第77話 占い師 その1

第六章 占い師



 城主の間から出てくるガトーにダリルとメルが駆け寄った。二人ともやきもきしながら男の姿を待ち構えていたのである。


 予期したとおり、今朝方の騒動は城主の知るところとなった。証言者には事欠かないが当事者であるガトーらが呼ばれたのは当然のことといえた。


「どうだった?」


 問いかけるダリルの声はさすがに不安げだ。早い段階から成り行きを見ていた彼女からすればガトーの立場はなんら責められるものではない。むしろとんだ災難だったと同情すべきところだ。一方的に迷惑をこうむったのは彼のほうである。


 肝心の黒騎士は査察に訪れた中央からの客人であり、状況からして降りかかる火の粉を払っただけである。


 結局、兵たちを束ねる守備隊長という立場上、ガトーとドラカンが城主に呼ばれることになったのだが——。


「メルには感謝する。あの馬鹿が『軽傷』で済んだってことでたいしたお咎めはなかったよ」


 そう軽く肩をすくめながらダリルに向かっては珍しく愚痴めいたことを言った。


「あの野郎、責任を持つとか言いやがったくせに城主の前では部下が勝手にやった、止めようとしたが間に合わなかったとな、平然と抜かしやがる」


「……目に見えるようだわ」


「んなこったろうと思ったよ、いちいち言い返すのも馬鹿らしい。謹慎三日で手を打った」


 ええー、と女たちが抗議する。父親の決定は不動と信じるダリルでさえそんな理不尽な、と口を尖らせた。
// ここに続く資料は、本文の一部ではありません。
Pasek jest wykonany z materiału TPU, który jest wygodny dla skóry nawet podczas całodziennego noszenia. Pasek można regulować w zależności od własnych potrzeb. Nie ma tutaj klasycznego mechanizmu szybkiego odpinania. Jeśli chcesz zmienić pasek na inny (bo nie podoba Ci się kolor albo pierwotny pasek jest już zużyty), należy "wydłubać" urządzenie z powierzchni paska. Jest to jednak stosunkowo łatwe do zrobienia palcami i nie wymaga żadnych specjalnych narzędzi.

指導者の決断には時として理解に苦しむものもあるとわかってはいても感情はまた別だ。


「そう言いなさんな、形だけです。ここで査察官の心証を悪くするわけにもいかんでしょう? 誰かが責任を取らねば示しがつかんってことです」


「それにしたって……」


 城主のそばで育ったダリルにはそうした「政治的判断」の必要性も理解できるのだが、ガトーへの身びいきがまだくすぶっていた。
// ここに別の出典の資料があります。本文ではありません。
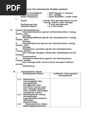 Rpp Seni Tari Materi Seni Tari Berdasarkan Tenaga Ruang Dan Waktu
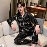 Joli Pyjama noir satiné pour homme

「まあ、大事にならなかっただけでもよかったんじゃない?」


 メルはそう友人をなだめ、その肩を抱いた。ガトーが言うように城主の怒りがその程度で済んだのも彼女の働きのおかげだった。


 あの兵士の腕は骨が完全に粉砕されていた。おそらく二度と剣が振れないほどの重傷だった。それをあの場で「骨にヒビが入った」程度にまで回復させたメルの治癒魔法はまぎれもなく一級品といえた。ドラカンが城主の前で平然ととぼけてみせたのもそのせいであったろう。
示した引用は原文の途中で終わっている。